Ethics Center board leader to head UN Gaza probe

Richard J. Goldstone was prosecutor in Yugoslavia, Rwanda investigations

Richard J. Goldstone, incoming chairman of the advisory board of Brandeis University’s International Center for Ethics, Justice, and Public Life, has been named to lead an investigation into alleged war crimes committed during the recent Israeli-Palestinian conflict in Gaza.

The former UN chief prosecutor for war crimes in Yugoslavia and Rwanda, Goldstone will head a four-person team that will examine the actions of both sides,
according to the UN Human Rights Council, which announced the appointment Friday, April 3. Members of the team will work together in Geneva for the next few weeks before commencing their investigation in the region, according to United Nations officials.

“It is in the interest of all Palestinians and Israelis that the allegations of war crimes and serious human rights violations related to the recent conflict on all sides be investigated,” Goldstone said in a statement issued by the UN. “It is my hope that the findings of this mission will make a meaningful contribution to the peace process in the Middle East and to providing justice for the victims.”

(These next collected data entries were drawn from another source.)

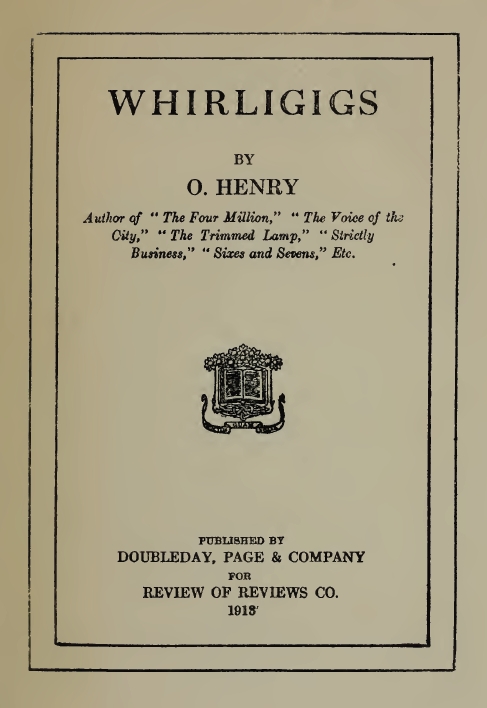 Henry, O. "Blind Man's Holiday." Whirligigs. New York: Doubleday, Page & Co., 1913. 259-287. Archive.org. 19 Jan. 2012. Web. 31 Oct. 2012. <http:// archive.org/ details/ whirligigs 00henr>.
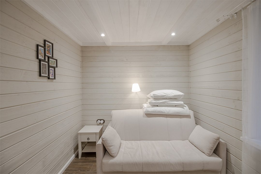 Постельное белье и полотенца предоставляются каждому гостю. Диваны в гостевых залах раскладываются (плюс четыре дополнительных места). В зимний период дом комфортно размещает до шестнадцати человек. В летний период допускается проживание до восемнадцати гостей.
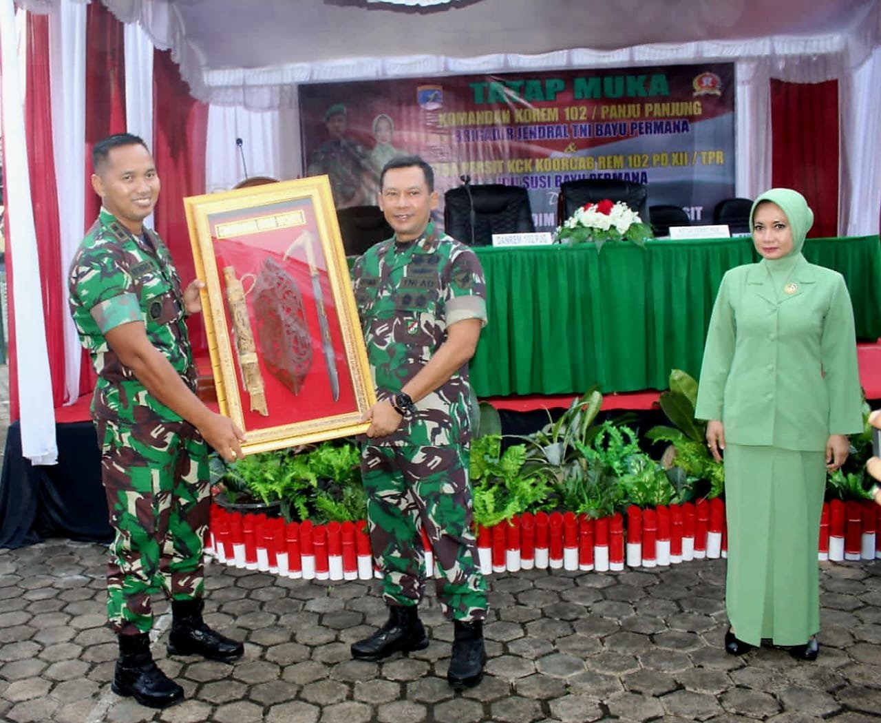 Komandan Korem (Danrem) 102/Pjg Brigjen TNI Bayu Permana yang didampingi Ketua Persit KCK Koorcab Rem 102 PD XII Tanjungpura Ny. Susi Sugandi Bayu Permana, beserta Kasi Intel Kasrem 102/Pjg, Letkol Arm Heri Pujiyanto, S.Sos dan istri, serta Kasi Pers Kasrem 102/Pjg, Kolonel Caj Dodi Mulyadi, SE.MM bersama istri melaksanakan kunjungan kerja (Kunker) perdana di wilayah Kodim 1012/Buntok, bertempat di Makodim 1012/Buntok Jalan Pelita Raya Kabupaten Barito Selatan, Provinsi Kalimantan Tengah, Rabu (05/04/2023).
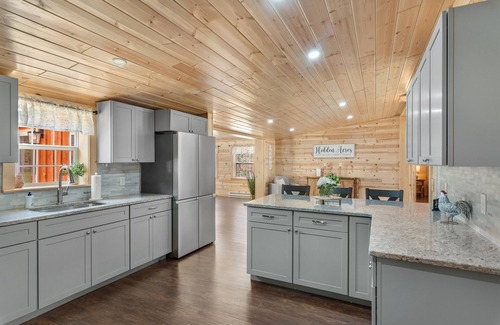 Hidden Acres features a spacious main house that comfortably sleeps up to six guests. With three beautifully appointed bedrooms and 2.5 bathrooms, this cabin is designed with relaxation in mind. The master bedroom includes a luxurious queen-sized bed accompanied by an en-suite master bathroom, complete with a stone shower, a soothing soaking tub, and a double vanity. The second bedroom also features a queen bed, while the third offers a full-sized bed, ensuring ample sleeping arrangements for your group.
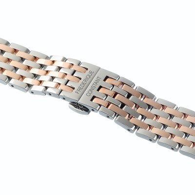 This Frederique Constant watch strap is made of stainless steel and is attached to the watch by means of push pins. The band has a width of 20 mm and is closed by means of a butterfly clasp with push buttons. The strap has no straight mount which means that this strap is only suitable for the watches listed below.
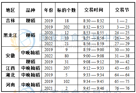 最低收购价稻谷于8:30开市交易,请提前登录“国家政策性粮油竞价销售”交易专场并关注标的,最新预估竞价交易时间如下:
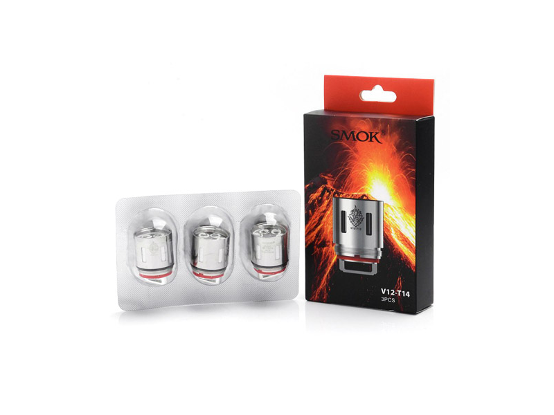 The Smok TFV12 V12-T14 Replacement Atomizer Heads comes a pack of three replacement coils for the popular Smok TFV12 tank, with 0.12Ω Resistance with wattage range of 80W to 350W, and recommended wattage range from 120W to 200W.Features0.12Ω ResistanceFourteen Coil Atomizer Head80W-350W Wattage Range120W-200W Recommended WattageOrganic Japanese Cotton
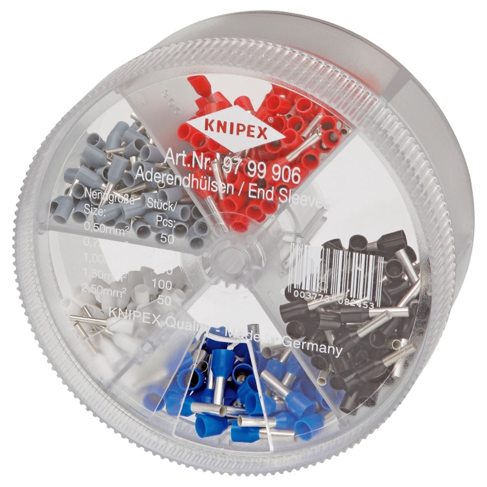 - Drehbarer Deckel mit Öffnung zur Entnahme einzelner Aderendhülsen

The fact-finding mission stems from a resolution adopted by the Human Rights Council in January, at the time of the conflict, which denounced “the grave violations of human rights in the Occupied Palestinian Territory, particularly due to the recent Israeli military attacks against the occupied Gaza Strip.” According to news reports, more than 1,400 Palestinians and 13 Israelis were killed in the conflict, which took place between
December 27, 2008, and January 18, 2009.

Israel disputes Palestinian claims that most of those killed were civilians, and says the vast majority of the dead were Hamas militants.

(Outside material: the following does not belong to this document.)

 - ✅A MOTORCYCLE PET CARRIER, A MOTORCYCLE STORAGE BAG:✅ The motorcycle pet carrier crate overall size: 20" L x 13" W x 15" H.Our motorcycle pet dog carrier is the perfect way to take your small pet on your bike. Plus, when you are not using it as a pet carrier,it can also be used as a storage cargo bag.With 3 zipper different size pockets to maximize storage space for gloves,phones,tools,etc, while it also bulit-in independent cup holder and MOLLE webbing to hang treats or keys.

A member of the Ethics Center advisory board since its inception in 2000, Goldstone served as a judge of the Constitutional Court of South Africa from July 1994 to October 2003. From 1991 to 1994, he chaired what became known as the Goldstone Commission, an independent judicial commission that investigated activities and people who posed a threat to the restoration of civil rights during the transition to post-apartheid South Africa.

After his retirement from the bench, he served as a visiting professor at NYU Law School, Fordham Law School, Georgetown Law School, and Harvard Law School, and currently is the Spinoza Fellow at the Netherlands Institute for Advanced Study, in The Hague.